C'est un secret de polichinelle qui prend une tournure concrète malgré l’échec du rachat d’Arm. Alors que le CEO de Nvidia, Jensen Huang, confirmait récemment à Taïwan un partenariat stratégique avec MediaTek pour le développement de PC IA, des fuites issues de la chaîne d'approvisionnement de Lenovo valident désormais le calendrier de commercialisation. Selon des documents internes du fournisseur chinois, le géant de Santa Clara s'apprête à inonder le marché dès ce printemps avec ses premiers processeurs ARM pour Windows, désignés sous les noms de code N1 et N1X. Cette initiative marque la tentative la plus ambitieuse de la firme pour pénétrer le marché des PC,  jusqu'ici dominé par l'architecture x86. Les puces, gravées en 3 nm par TSMC, ne sont pas de simples prototypes : huit modèles d'ordinateurs portables issus de grands OEM sont déjà dans les tuyaux pour une sortie au premier trimestre 2026, avec une extension de la gamme prévue au trimestre suivant. 
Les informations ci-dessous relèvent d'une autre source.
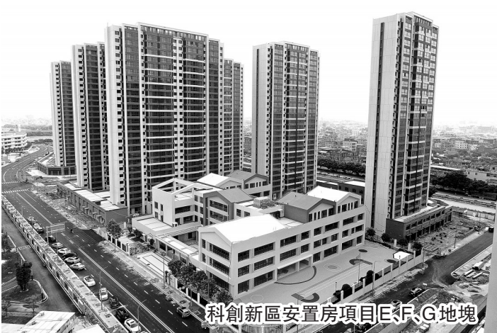
科創新區安置房項目E、F、G地塊

據了解，科創新區安置房共有A、B、C、D、E、F、G等7個地塊，其中6個地塊皆由晉江
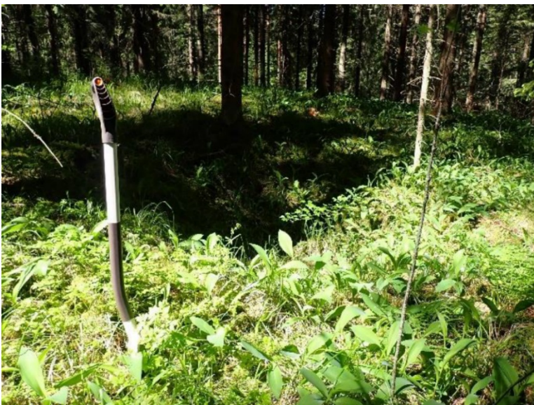
Maunula 2, nauriskuoppa.

Une architecture hybride ARM et Blackwell 

Sur le plan technique, la plateforme N1 s'annonce redoutable. Elle repose sur le die GB10 de Nvidia, une puce déjà éprouvée dans la mini station de travail DGX Spark (livrée avec un distribution Linux). Les spécifications révélées font état d'un processeur ARM doté de 20 cœurs, couplé à une partie graphique intégrant 6 144 unités de traitements Cuda basés sur l'architecture Blackwell. Pour donner un ordre d'idée de la performance attendue, ce nombre d’unités graphiques équivaut à celui d'une carte GeForce RTX 5070. Les benchmarks internes cités dans les rapports indiquent que le GPU intégré (iGPU) délivre des performances similaires à celles d'un GPU intégré RTX 4070 pour laptop, tout en affichant une consommation énergétique réduite de moitié, selon une source proche de Nvidia. 

L'écosystème OEM semble prêt à suivre. Les documents de support de Lenovo mentionnent explicitement six références intégrant ces SoC, couvrant l'ensemble du spectre utilisateur : de l'ultraportable grand public (IdeaPad Slim) aux stations créatives (Yoga Pro, Yoga 9), en passant par le segment gaming. Un modèle Legion 7 15N1X11 a même été repéré dans les outils de maintenance du constructeur chinois, préfigurant ce qui pourrait être la première véritable machine de jeu performante sous Windows on ARM. De son côté, Dell ne reste pas inactif et prépare l'intégration du processeur N1X au sein de ses gammes premium XPS et gaming Alienware. 

Microsoft étroitement associé pour Win11

Le report du lancement, initialement espéré pour le Computex 2025, semble avoir été mis à profit pour aligner le matériel avec la feuille de route logicielle de Microsoft. Les puces sont conçues pour tirer parti de Windows 11 26H1, une mise à jour de l'OS spécifiquement optimisée pour la prochaine génération de silicium ARM de Nvidia et Qualcomm. L'arrivée de Nvidia sur ce segment intervient alors que Qualcomm pousse ses pions avec son Snapdragon X2 Plus (80 TOPS de performance IA), annoncé au CES 2026. Avec des analystes prévoyant que l'architecture ARM pourrait capter près de 30% des livraisons de PC d'ici la fin de l'année, la bataille du silicium ne fait que commencer. Nvidia voit d'ailleurs déjà plus loin : une série N2 est d'ores et déjà planifiée pour le troisième trimestre 2027.